▶ **DATASET ENTRIES**:
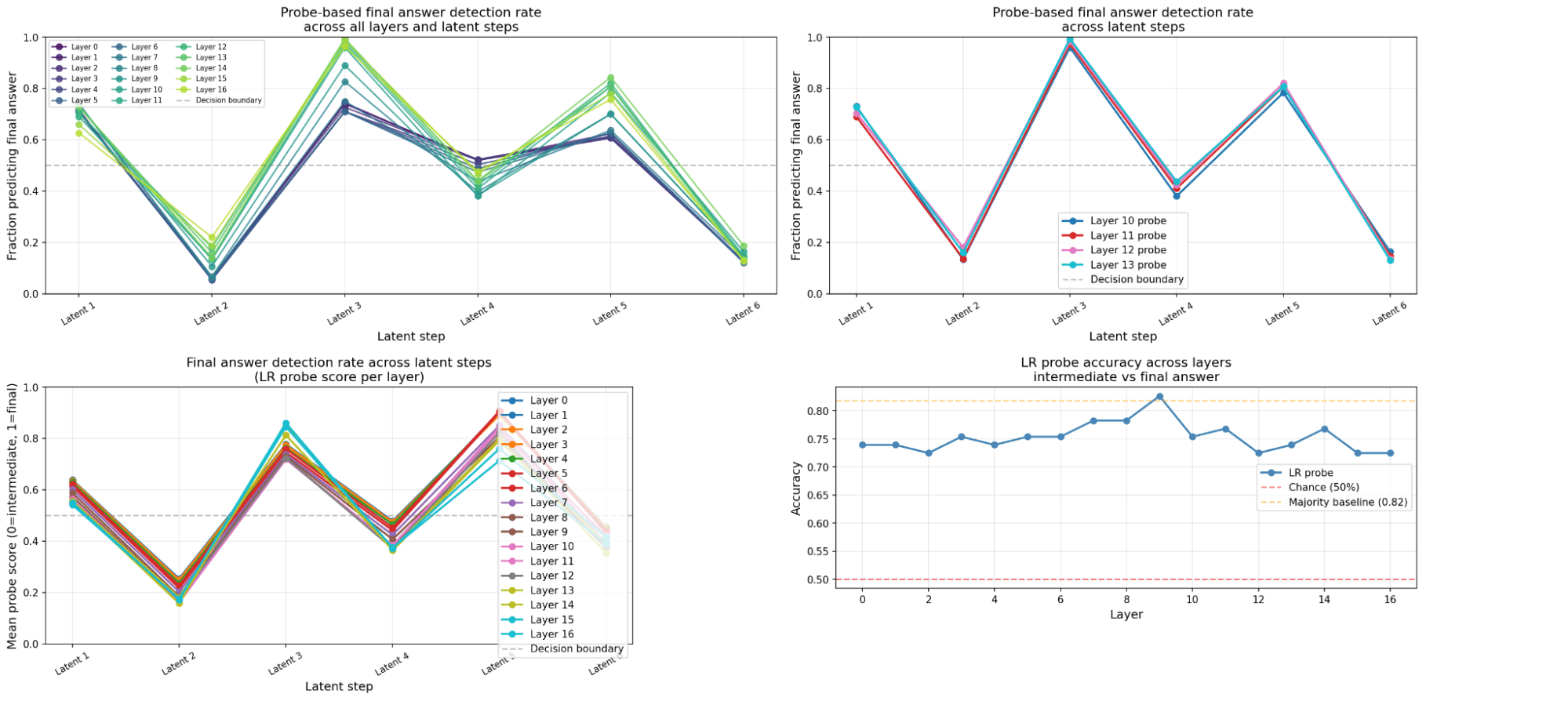 “Note that the dataset had more intermediate labeled (0) samples than final answer samples (roughly 4:1 ratio), so probe accuracy should be interpreted with this imbalance in mind.”
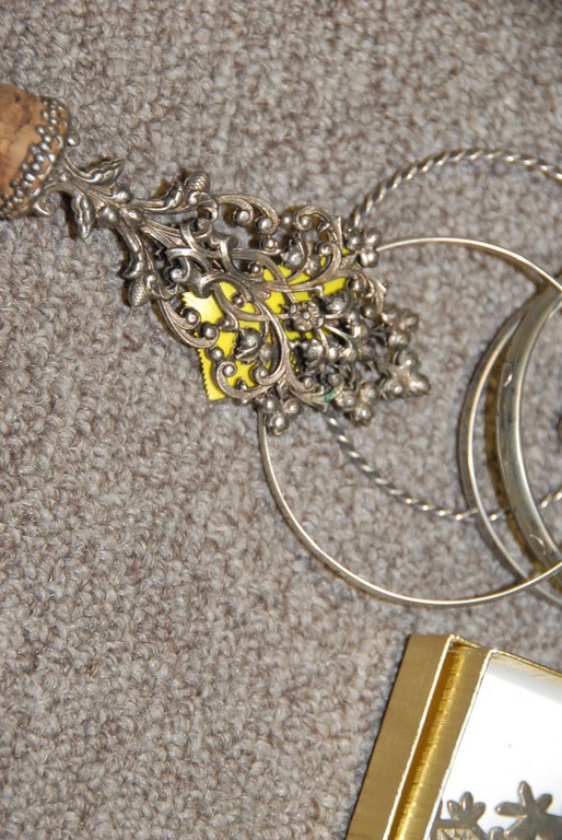 Group lot sterling silver bracelet, large sterling silver necklace, snowflake, silver pin, sterling silver wine cork with fleur de lis style stop.
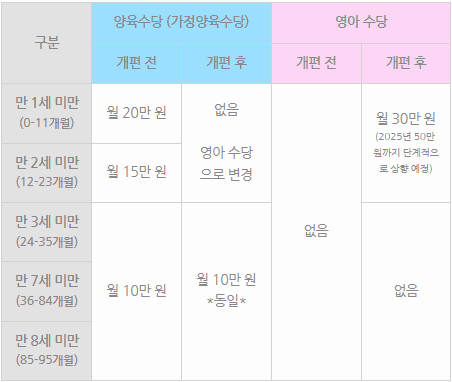 영아수당 도입 및 아동수당 대상이 확대됩니다. 해당 지원은 2022년 1월 1일 이후의 출생한 만 24개월 미만의 아기들 돌보고 있는 가정들에 매월 30만원씩 지급되게 됩니다. 또 매월 10만원씩 지급되는 아동수당의 지원 대상이 만 7세 미만에서 만 8세 미만으로 확대되었습니다. 양육수당과 영야수당 부분에서 바뀐 부분은 이미지를 참고하여 주시기 바랍니다. 해당 지원 수당들은 주민등록상의 주소지에있는 주민센터에서 온라인은 복지로 홈페이지를 통해서 지원금을 신청하실 수 있습니다. 출산률이 저조한 부분에서 다양한 복지제도들이 나온만큼 많은 신혼부부 또는 결혼하는 세대들이 제대로된 지원을 받아서 좀더 화목한 가정을 꾸릴 수 있으면 좋겠습니다.
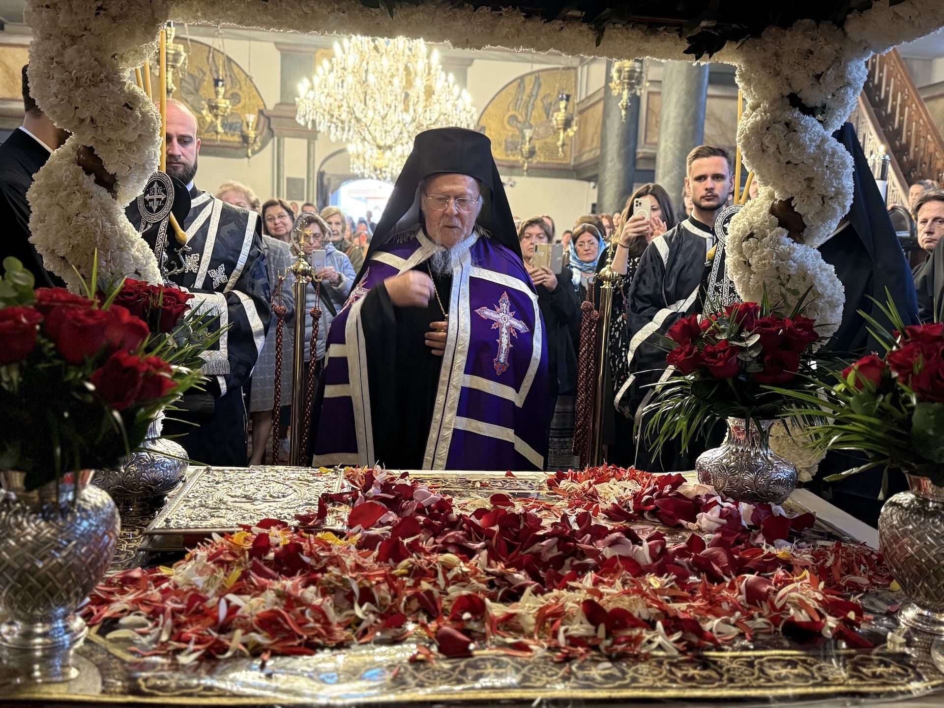 Το πρωί της Μ. Παρασκεύης, 18 Απριλίου 2025, στον Π. Πατριαρχικό Ναό, η Α.Θ. Παναγιότης ο Οικουμενικός Πατριάρχης κ.κ. Βαρθολομαίος χοροστάτησε στην Ακολουθία του Εσπερινού της Αποκαθηλώσεως, σε συγχοροστασία με τους Σεβ. Μητροπολίτες Φιλαδελφείας κ. Μελίτωνα, Μυριοφύτου και Περιστάσεως κ. Ειρηναίο, Μύρων κ. Χρυσόστομο, Ικονίου κ. Θεόληπτο, και Σελευκείας κ. Θεόδωρο.
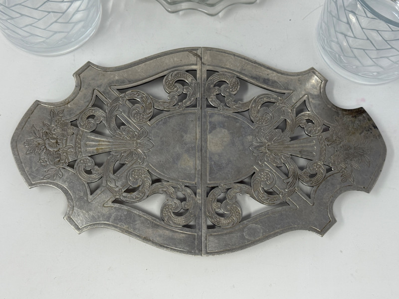 Lot # 236 - Expandable SP Trivet & Fostoria Sandwich Set & Glasses
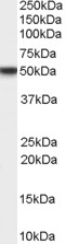Western Blot Approx 50kDa band observed in lysates of cell lines HepG2 and HeLa (calculated MW of 35.0kDa according to NP_006278.1). In transfected HEK293 transiently expressing TFPI bands of approx. 38kDa to 45kDa are observed. These bands are not obse
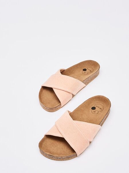 NINE TO FIVE #clota – bequeme Pantolette aus recyceltem Canvas mit Naturlatex-Fussbett und Kork
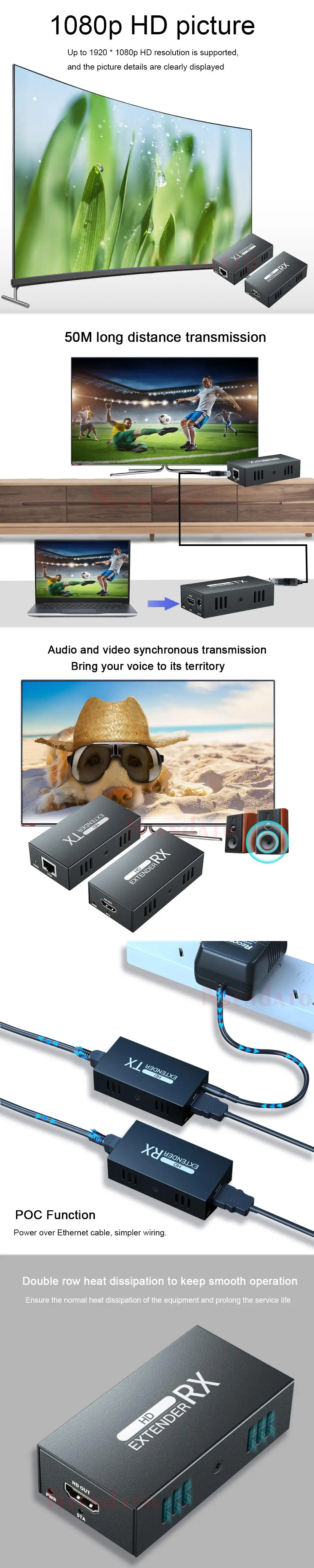 Transmits HD video and audio signals up to 50M over a single CAT6 cable;
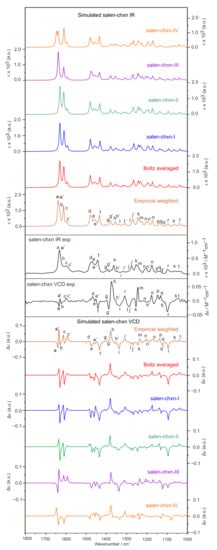 The simulated individual IR and VCD spectra of the four most stable salen-chxn conformers and the related Boltzmann averaged IR and VCD spectra at the B3LYP-D3BJ/def2-TZVP/PCM(CDCl3) level of theory at 298 K. The experimental and empirically weighted IR and VCD spectra are also provided. The experimental units are on the right side. The main IR and VCD band features are labelled “a” to “t” to aid the comparison.
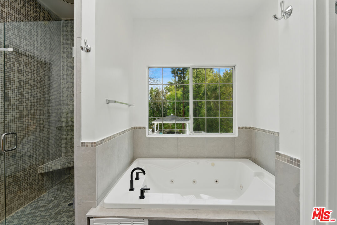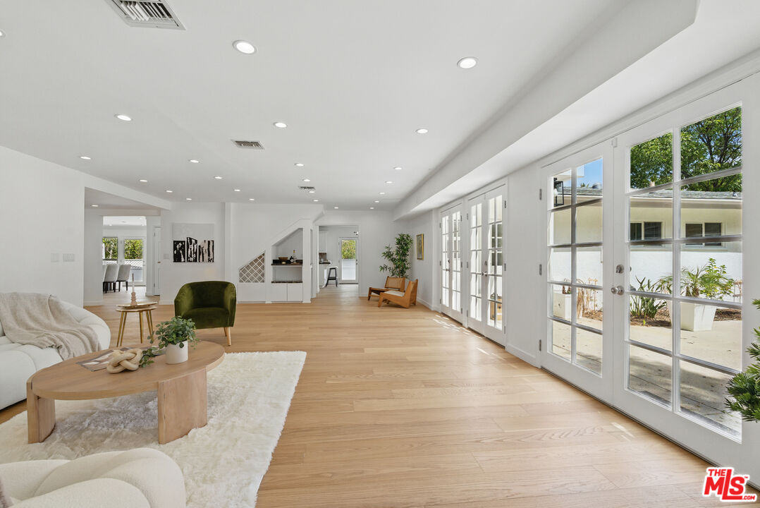 This enchanting storybook home, nestled on a peaceful, tree-lined street, seamlessly blends modern updates with timeless charm. Set on nearly 20,000 sqft, the property offers exceptional curb appeal with five spacious bedrooms, four bathrooms, a half-circle driveway, and mature landscaping, creating a private paradise. Inside, the contemporary traditional design radiates natural warmth, featuring custom White Oak flooring, recessed lighting, a cozy fireplace, and a stylish bar area bathed in abundant natural light. The expansive dining room, with an additional nook and grand fireplace, is perfect for entertaining. The chef's kitchen offers generous cabinetry, countertop space, a breakfast area, breakfast bar, and high-end stainless steel appliances. The primary retreat is a true sanctuary with vaulted ceilings, a private balcony, a spacious walk-in closet with custom cabinetry, and an en suite bathroom with a rainfall shower, Jacuzzi tub, skylight, and double vanity. The backyard is an oasis, with an oversized pool, waterfall Jacuzzi, charming cabana, and an outdoor kitchen with a grill and sink ideal for al fresco dining and entertaining. The expansive lawn provides endless possibilities for recreation including Tennis Court and space for a potential 2,300 sqft ADU (buyer to verify). Additional features corner lot including a side driveway leading to the bottom level, an attached two-car garage, an expansive side yard, a dedicated laundry room, and central AC/heat. Conveniently located near trendy restaurants, shopping, and amenities such as The Village, Cedars-Sinai, Whole Foods, and Equinox, with easy access to the 101 Freeway, this home offers the perfect balance of privacy, luxury, and convenience. Prepare to be amazed. *Some photos are Virtually Staged both Interior and Exterior including Tennis Court*
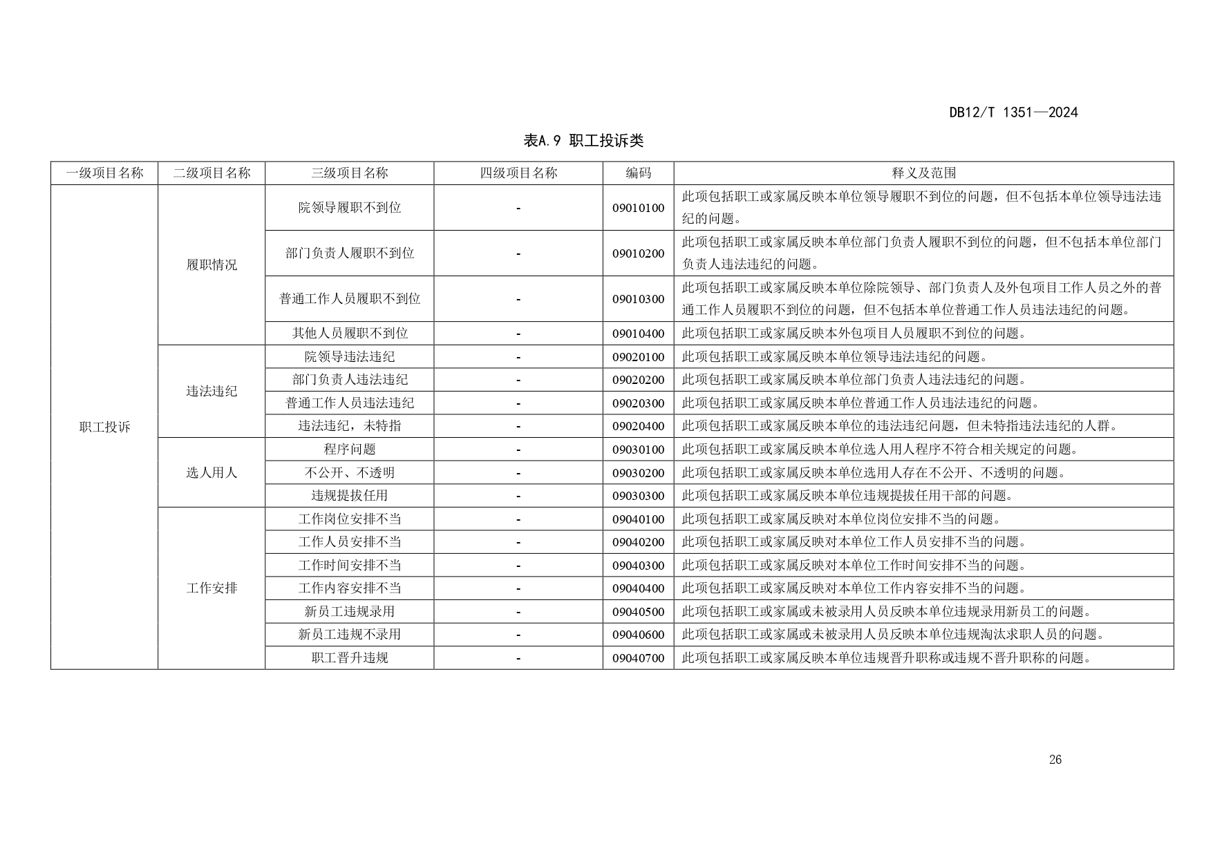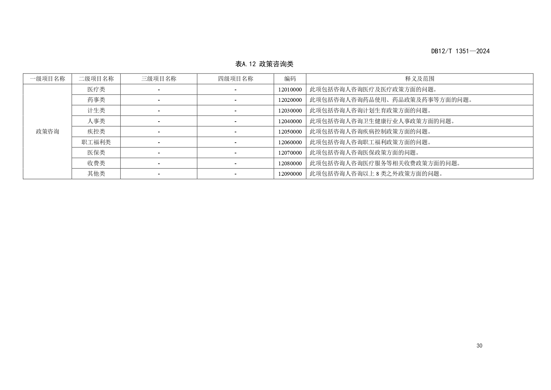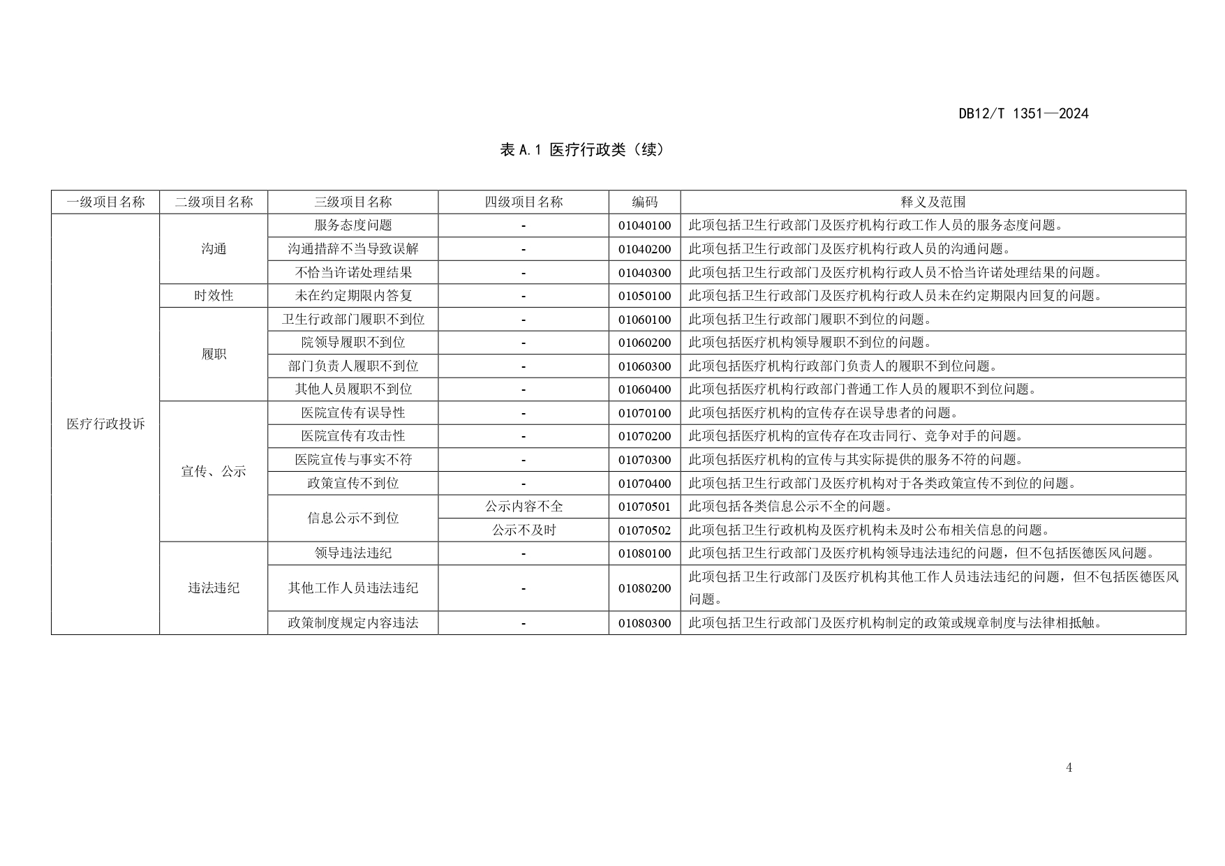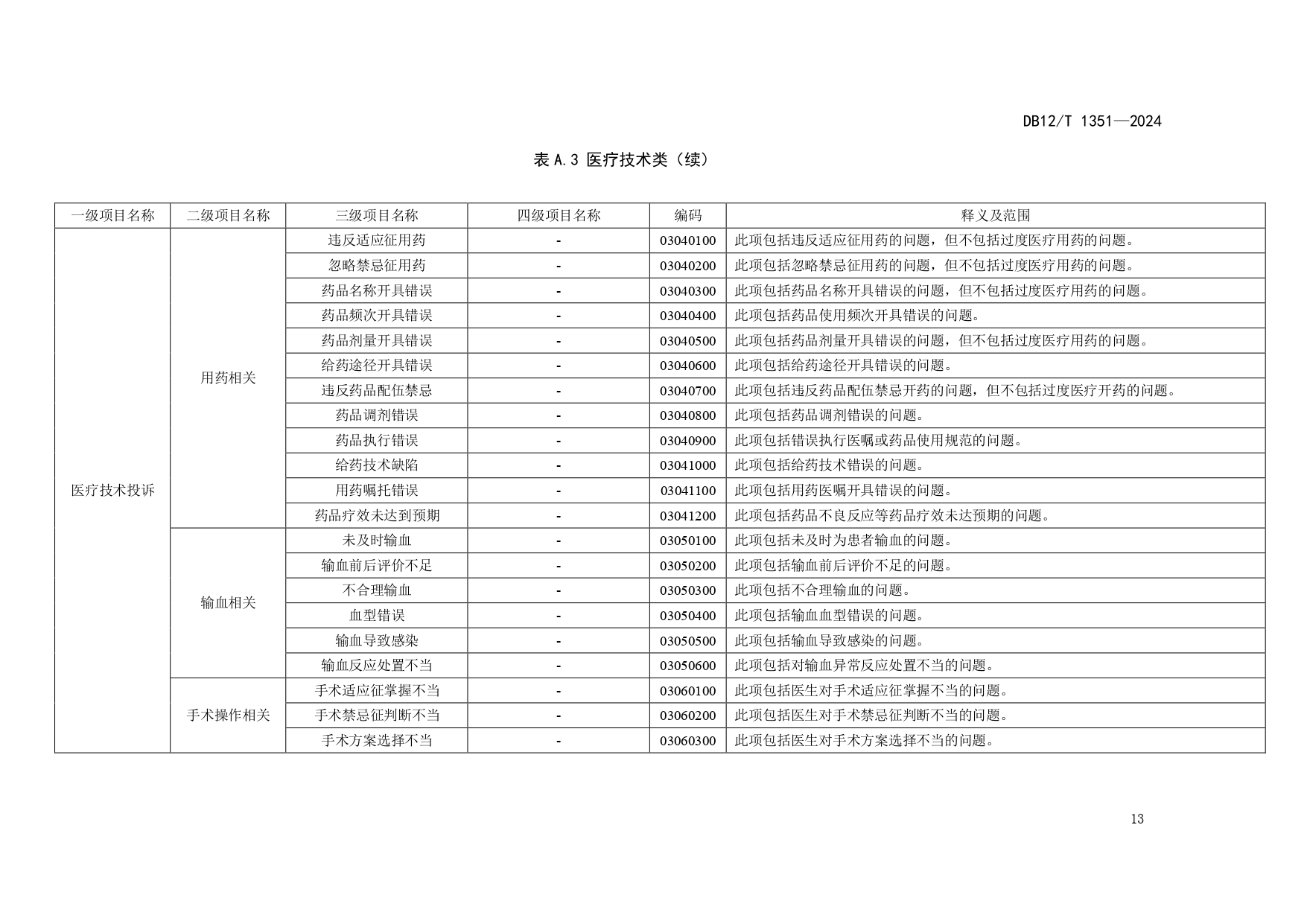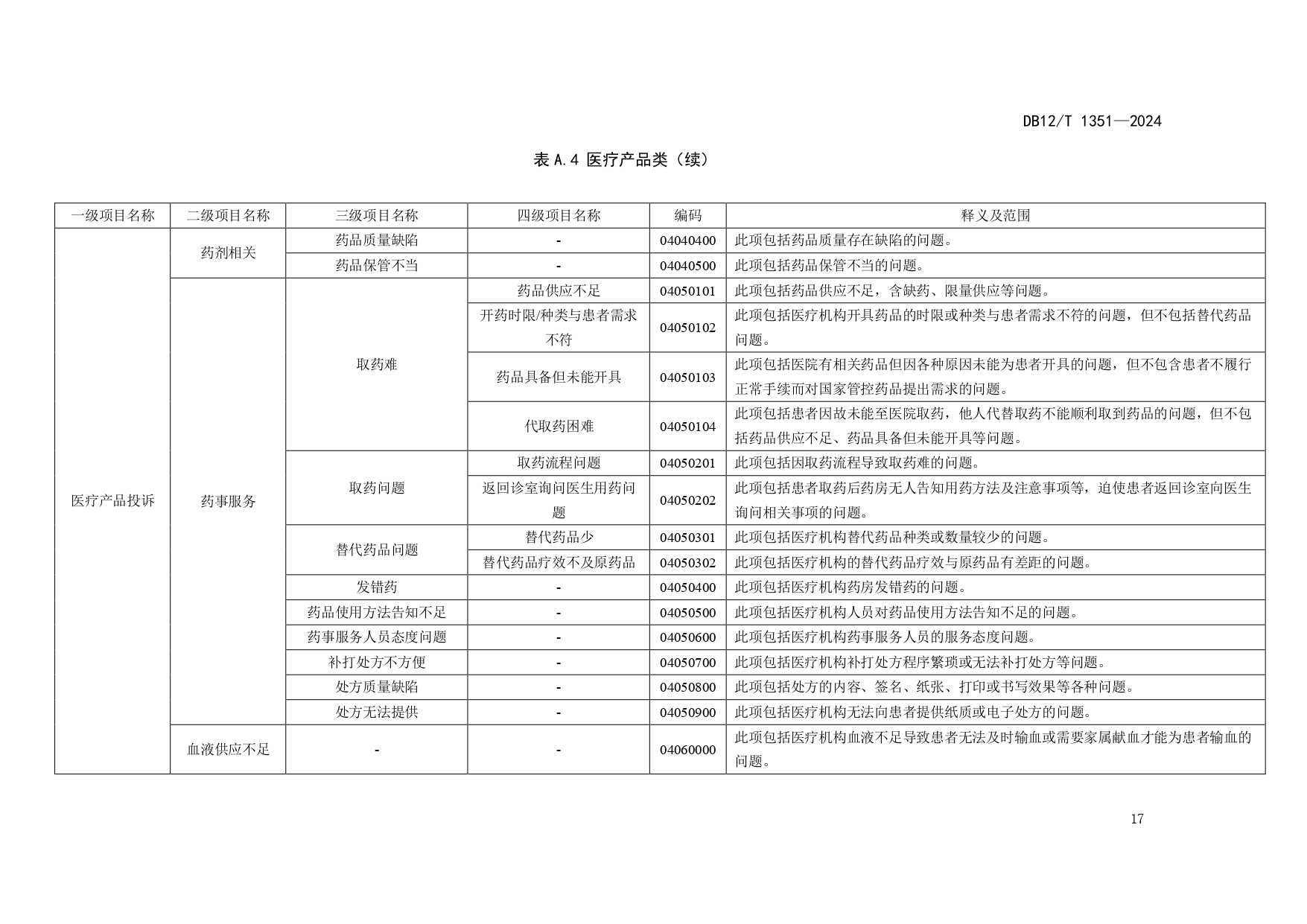 卫生健康行业投诉分类编码DB12/T 1351-2024

▶ **ASSIGNMENT**: All lines from the start of the entries above through the line containing "Western Blot Approx" must be transcribed exactly, both ends included, and no picture may be copied.

▶ **SOLUTION TO THIS PROBLEM**:
 “Note that the dataset had more intermediate labeled (0) samples than final answer samples (roughly 4:1 ratio), so probe accuracy should be interpreted with this imbalance in mind.”
 Group lot sterling silver bracelet, large sterling silver necklace, snowflake, silver pin, sterling silver wine cork with fleur de lis style stop.
 영아수당 도입 및 아동수당 대상이 확대됩니다. 해당 지원은 2022년 1월 1일 이후의 출생한 만 24개월 미만의 아기들 돌보고 있는 가정들에 매월 30만원씩 지급되게 됩니다. 또 매월 10만원씩 지급되는 아동수당의 지원 대상이 만 7세 미만에서 만 8세 미만으로 확대되었습니다. 양육수당과 영야수당 부분에서 바뀐 부분은 이미지를 참고하여 주시기 바랍니다. 해당 지원 수당들은 주민등록상의 주소지에있는 주민센터에서 온라인은 복지로 홈페이지를 통해서 지원금을 신청하실 수 있습니다. 출산률이 저조한 부분에서 다양한 복지제도들이 나온만큼 많은 신혼부부 또는 결혼하는 세대들이 제대로된 지원을 받아서 좀더 화목한 가정을 꾸릴 수 있으면 좋겠습니다.
 Το πρωί της Μ. Παρασκεύης, 18 Απριλίου 2025, στον Π. Πατριαρχικό Ναό, η Α.Θ. Παναγιότης ο Οικουμενικός Πατριάρχης κ.κ. Βαρθολομαίος χοροστάτησε στην Ακολουθία του Εσπερινού της Αποκαθηλώσεως, σε συγχοροστασία με τους Σεβ. Μητροπολίτες Φιλαδελφείας κ. Μελίτωνα, Μυριοφύτου και Περιστάσεως κ. Ειρηναίο, Μύρων κ. Χρυσόστομο, Ικονίου κ. Θεόληπτο, και Σελευκείας κ. Θεόδωρο.
 Lot # 236 - Expandable SP Trivet & Fostoria Sandwich Set & Glasses
Western Blot Approx 50kDa band observed in lysates of cell lines HepG2 and HeLa (calculated MW of 35.0kDa according to NP_006278.1). In transfected HEK293 transiently expressing TFPI bands of approx. 38kDa to 45kDa are observed. These bands are not obse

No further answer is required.